### [TO DO]
Pictures aside, please retype the whole listing word for word.

### [DATASET EXTRACT]
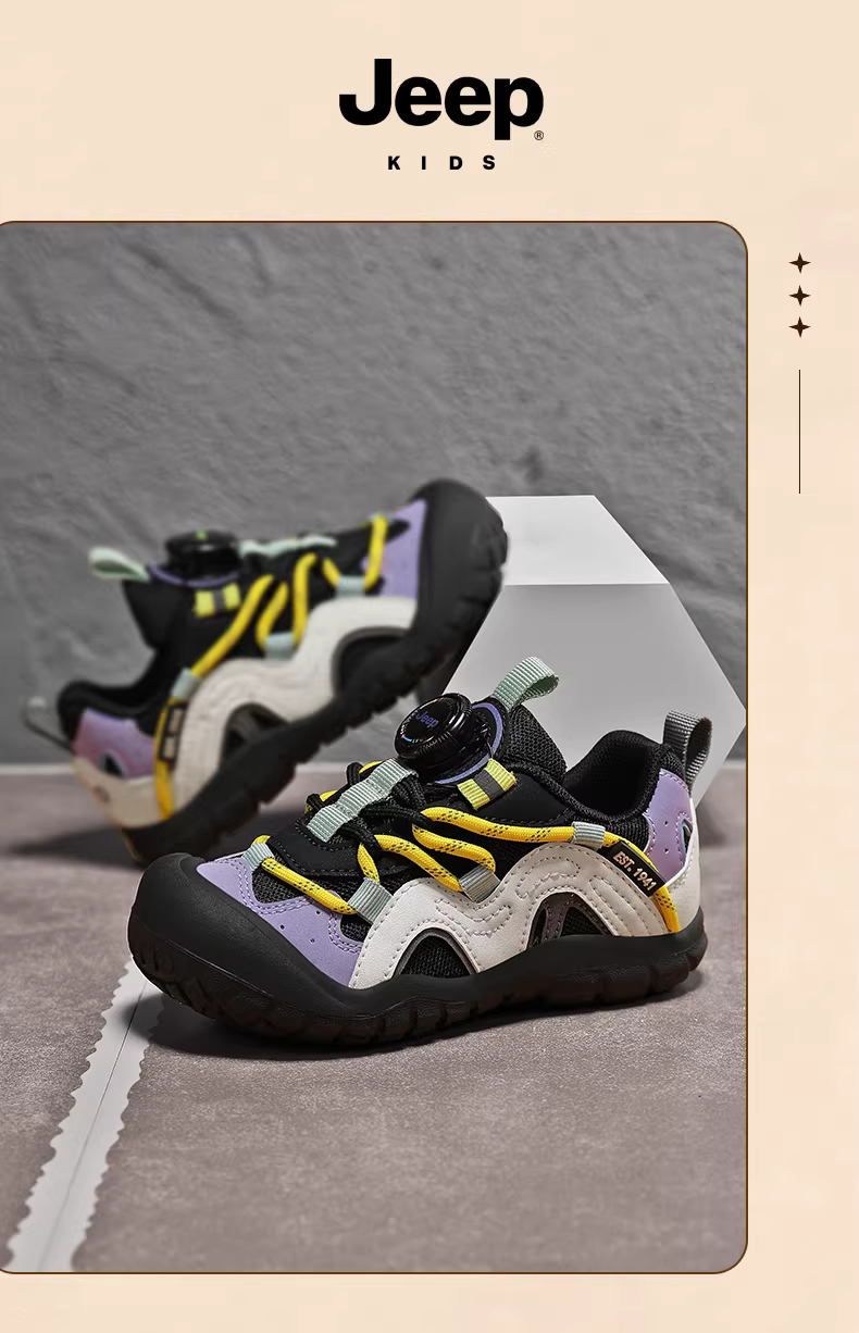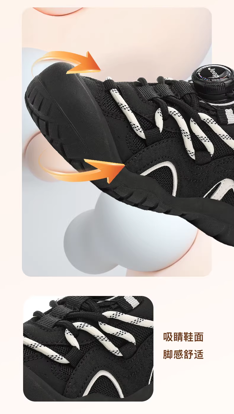 - Giày thể thao trẻ em Jeep đế mềm chống trơn mùa thu 2025 kiểu mới khóa xoay lưới đi bộ ngoài trời dành cho bé trai
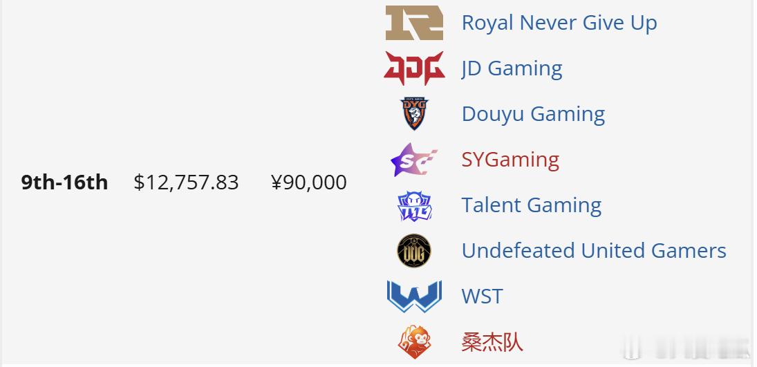 止步单败淘汰赛的八支队伍每支队伍获得9w奖金
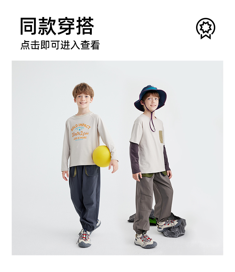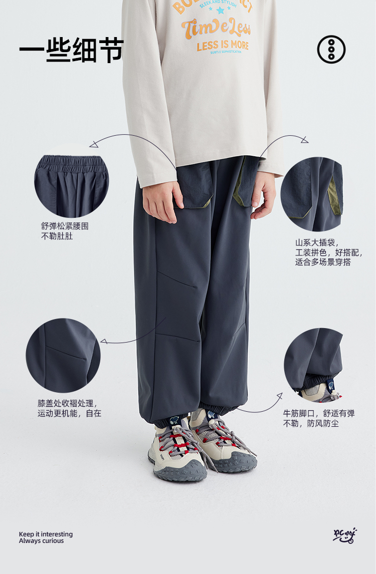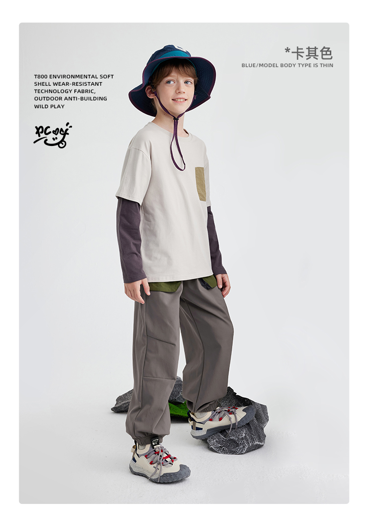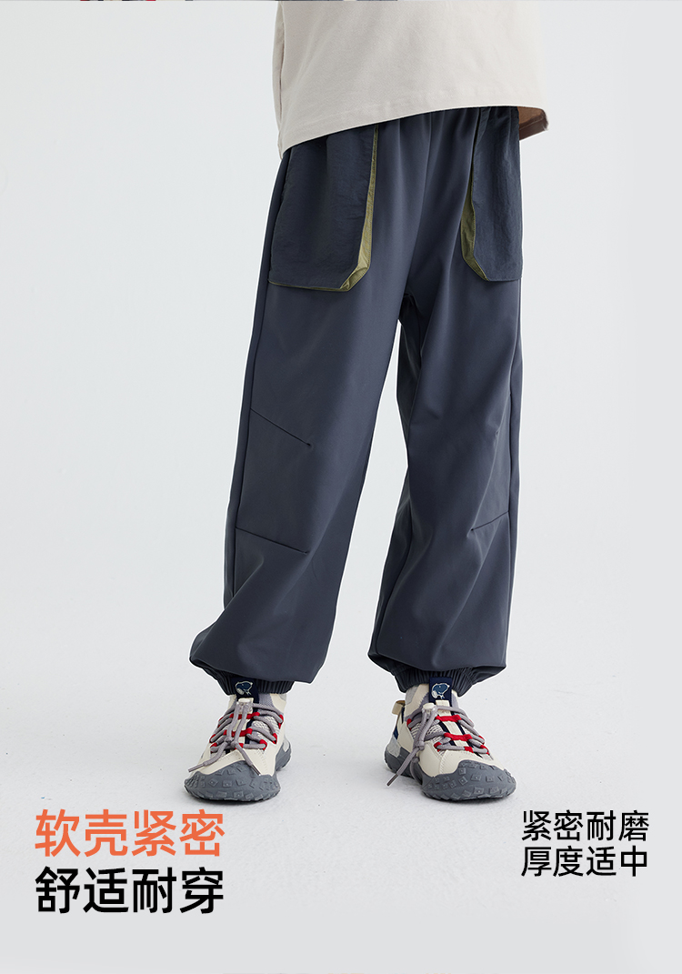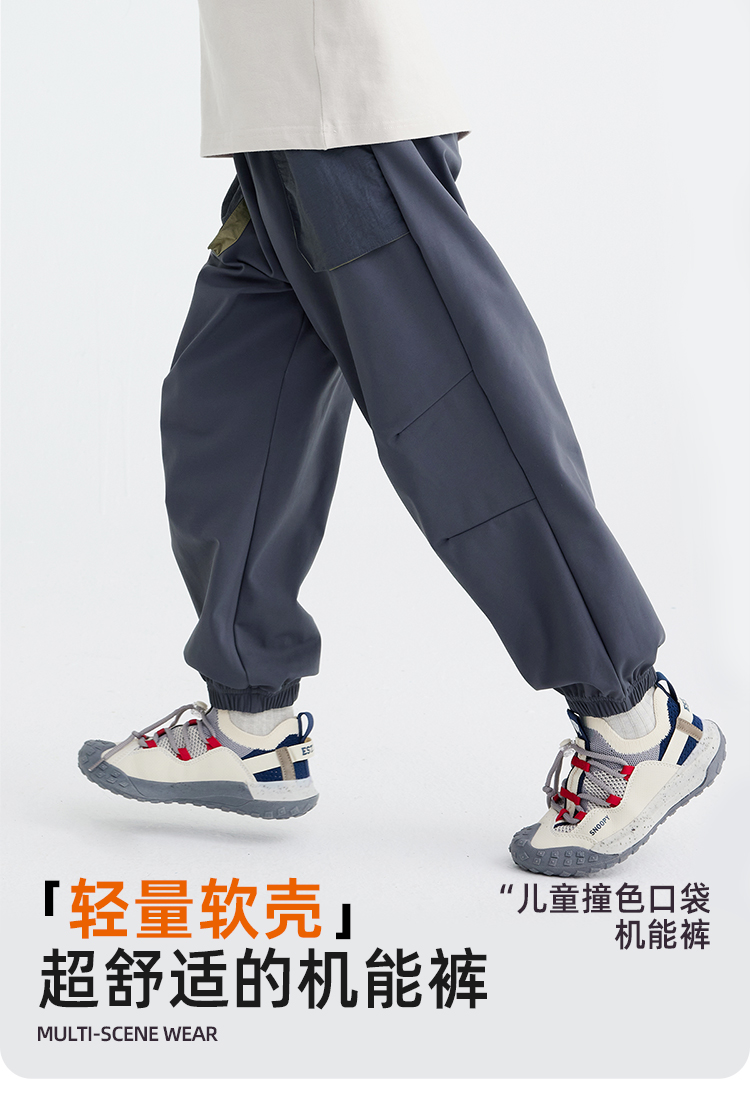 【软皮一体绒】【220g薄款绒】儿童撞色口袋休机能裤 PQK2414

### [RESPONSE BOX]
 - Giày thể thao trẻ em Jeep đế mềm chống trơn mùa thu 2025 kiểu mới khóa xoay lưới đi bộ ngoài trời dành cho bé trai
 止步单败淘汰赛的八支队伍每支队伍获得9w奖金
 【软皮一体绒】【220g薄款绒】儿童撞色口袋休机能裤 PQK2414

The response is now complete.